● **Task inputs**:
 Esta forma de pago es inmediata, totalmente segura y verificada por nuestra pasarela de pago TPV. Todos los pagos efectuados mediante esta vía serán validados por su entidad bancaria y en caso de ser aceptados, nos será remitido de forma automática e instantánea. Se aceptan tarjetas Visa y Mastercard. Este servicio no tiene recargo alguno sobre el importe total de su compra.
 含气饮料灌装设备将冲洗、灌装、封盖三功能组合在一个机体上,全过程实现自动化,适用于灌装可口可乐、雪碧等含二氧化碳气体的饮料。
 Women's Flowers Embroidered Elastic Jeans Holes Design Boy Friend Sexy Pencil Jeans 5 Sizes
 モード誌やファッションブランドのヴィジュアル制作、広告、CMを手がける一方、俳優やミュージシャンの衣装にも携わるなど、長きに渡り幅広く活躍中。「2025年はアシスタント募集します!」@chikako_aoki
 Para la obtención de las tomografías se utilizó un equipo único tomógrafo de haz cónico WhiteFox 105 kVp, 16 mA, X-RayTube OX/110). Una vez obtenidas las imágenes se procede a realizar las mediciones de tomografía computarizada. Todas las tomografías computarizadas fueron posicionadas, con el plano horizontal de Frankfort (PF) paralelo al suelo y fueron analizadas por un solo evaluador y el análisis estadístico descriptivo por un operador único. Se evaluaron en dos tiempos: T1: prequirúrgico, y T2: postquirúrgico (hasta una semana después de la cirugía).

---

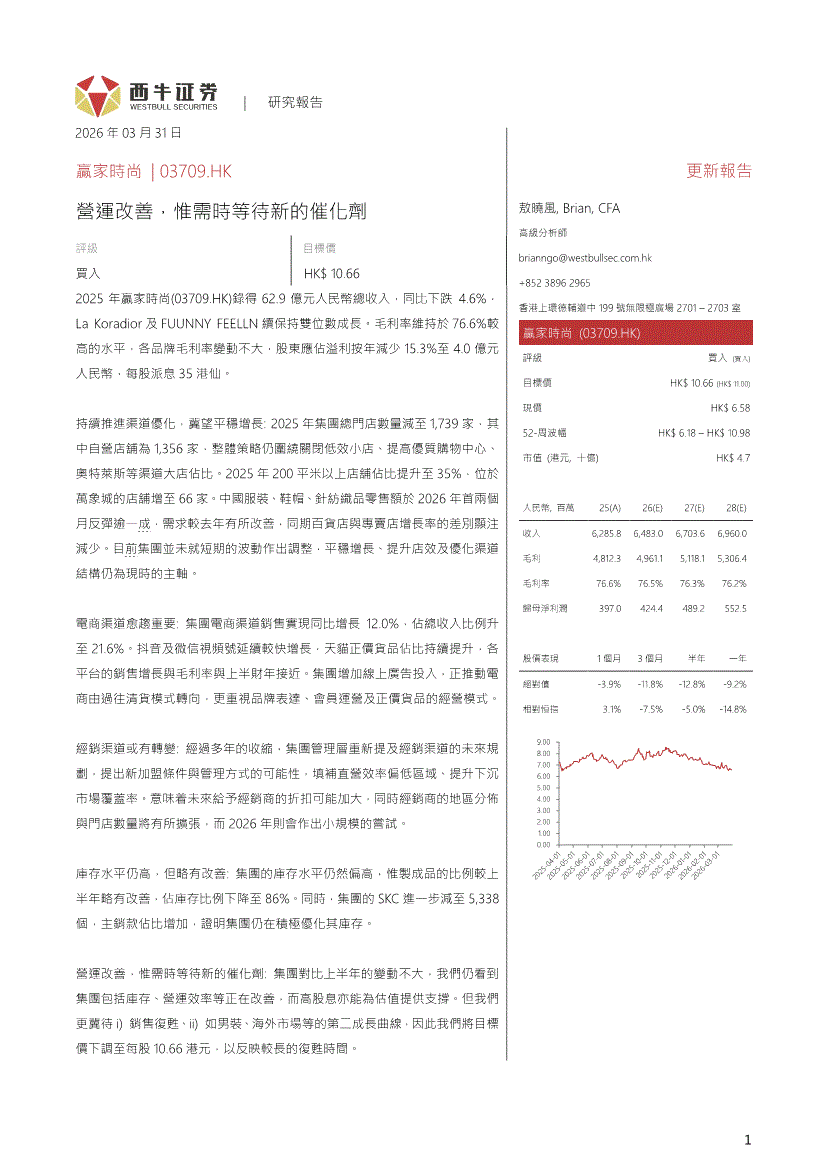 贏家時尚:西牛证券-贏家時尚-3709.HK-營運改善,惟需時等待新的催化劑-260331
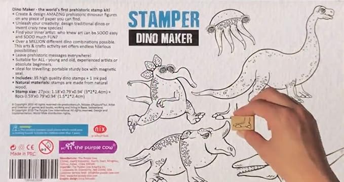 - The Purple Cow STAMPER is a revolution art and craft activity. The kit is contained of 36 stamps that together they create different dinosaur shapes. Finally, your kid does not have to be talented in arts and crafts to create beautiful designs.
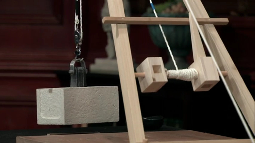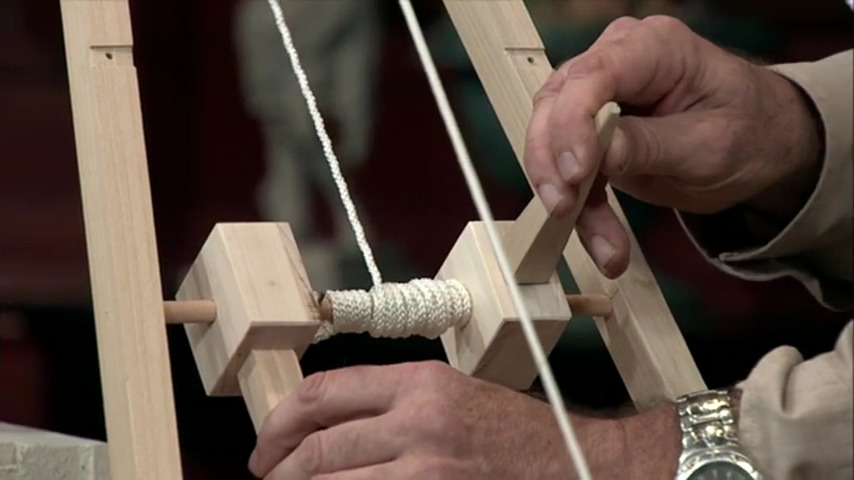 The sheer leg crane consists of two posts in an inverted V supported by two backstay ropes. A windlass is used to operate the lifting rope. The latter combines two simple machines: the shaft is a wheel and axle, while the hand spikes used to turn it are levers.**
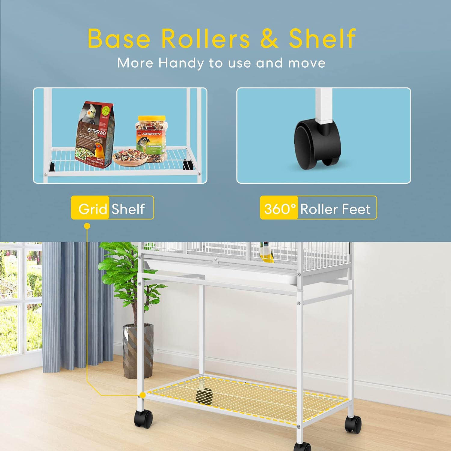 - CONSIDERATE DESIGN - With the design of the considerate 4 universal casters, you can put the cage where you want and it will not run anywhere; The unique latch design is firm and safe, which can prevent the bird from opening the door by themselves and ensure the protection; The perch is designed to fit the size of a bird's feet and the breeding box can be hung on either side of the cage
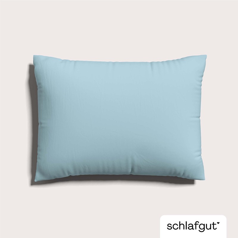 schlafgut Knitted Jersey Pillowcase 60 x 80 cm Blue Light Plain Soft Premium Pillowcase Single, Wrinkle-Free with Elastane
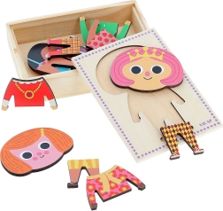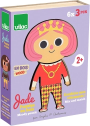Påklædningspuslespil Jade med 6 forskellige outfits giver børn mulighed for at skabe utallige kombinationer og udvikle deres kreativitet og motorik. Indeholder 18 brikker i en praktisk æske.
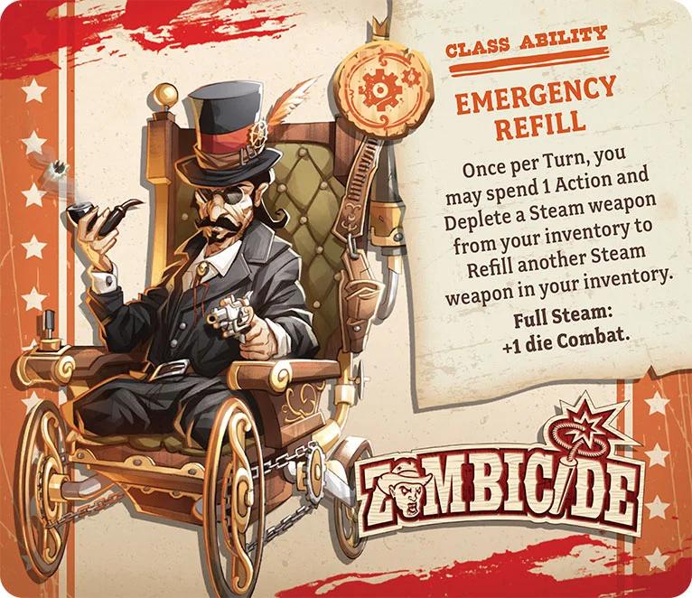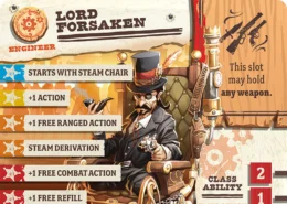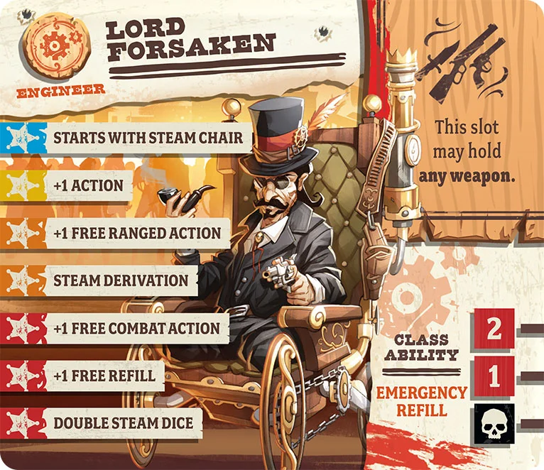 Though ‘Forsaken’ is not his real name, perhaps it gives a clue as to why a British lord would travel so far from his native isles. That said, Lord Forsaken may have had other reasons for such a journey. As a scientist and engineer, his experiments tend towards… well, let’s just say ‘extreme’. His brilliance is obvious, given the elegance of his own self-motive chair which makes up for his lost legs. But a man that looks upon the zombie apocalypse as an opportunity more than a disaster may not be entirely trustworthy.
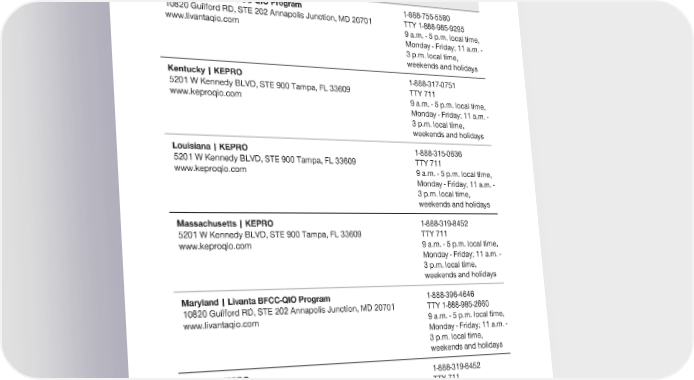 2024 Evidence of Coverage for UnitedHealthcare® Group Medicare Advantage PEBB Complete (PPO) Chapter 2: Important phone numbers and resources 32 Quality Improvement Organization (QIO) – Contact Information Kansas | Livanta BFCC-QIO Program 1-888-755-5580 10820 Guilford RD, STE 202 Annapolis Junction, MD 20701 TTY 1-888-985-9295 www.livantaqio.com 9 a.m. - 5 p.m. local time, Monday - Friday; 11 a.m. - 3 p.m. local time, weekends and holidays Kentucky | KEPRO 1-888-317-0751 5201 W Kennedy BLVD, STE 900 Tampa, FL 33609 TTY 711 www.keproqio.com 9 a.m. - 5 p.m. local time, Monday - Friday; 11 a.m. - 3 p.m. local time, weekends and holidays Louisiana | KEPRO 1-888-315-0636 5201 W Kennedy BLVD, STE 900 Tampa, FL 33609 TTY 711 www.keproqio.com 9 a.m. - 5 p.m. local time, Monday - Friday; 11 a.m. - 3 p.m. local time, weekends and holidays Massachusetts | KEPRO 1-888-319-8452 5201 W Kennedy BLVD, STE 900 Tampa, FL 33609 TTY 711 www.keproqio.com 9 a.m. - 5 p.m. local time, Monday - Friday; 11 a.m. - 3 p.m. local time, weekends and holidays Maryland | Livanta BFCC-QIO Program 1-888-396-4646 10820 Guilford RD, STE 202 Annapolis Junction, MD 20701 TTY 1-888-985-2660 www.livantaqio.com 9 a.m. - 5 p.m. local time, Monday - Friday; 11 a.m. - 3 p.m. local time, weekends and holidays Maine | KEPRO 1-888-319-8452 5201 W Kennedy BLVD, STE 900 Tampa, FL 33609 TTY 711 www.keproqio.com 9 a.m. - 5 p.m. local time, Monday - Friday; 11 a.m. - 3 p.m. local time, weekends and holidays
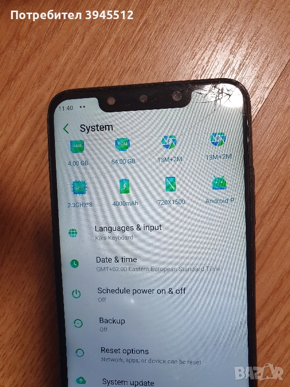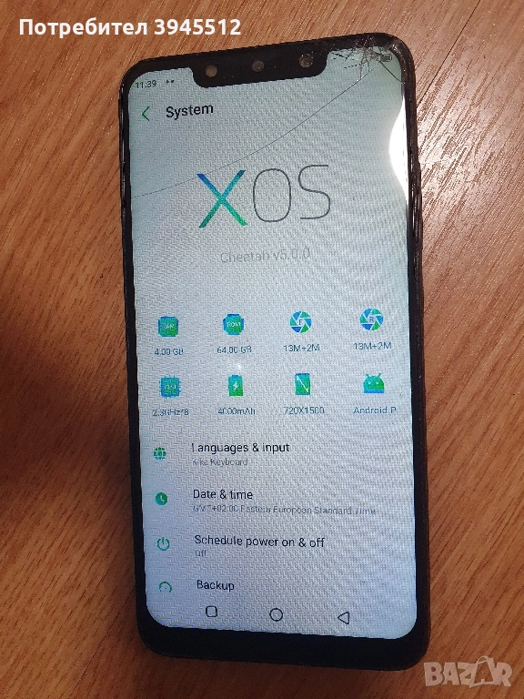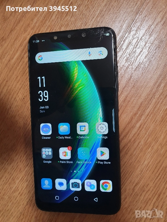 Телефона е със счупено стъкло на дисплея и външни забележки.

● **Task directions**: Between and including the line above that contains "schlafgut Knitted Jersey" and the line that contains "Påklædningspuslespil Jade med", restate every line word for word. Pictures stay out.

● **Response area**:
 schlafgut Knitted Jersey Pillowcase 60 x 80 cm Blue Light Plain Soft Premium Pillowcase Single, Wrinkle-Free with Elastane
Påklædningspuslespil Jade med 6 forskellige outfits giver børn mulighed for at skabe utallige kombinationer og udvikle deres kreativitet og motorik. Indeholder 18 brikker i en praktisk æske.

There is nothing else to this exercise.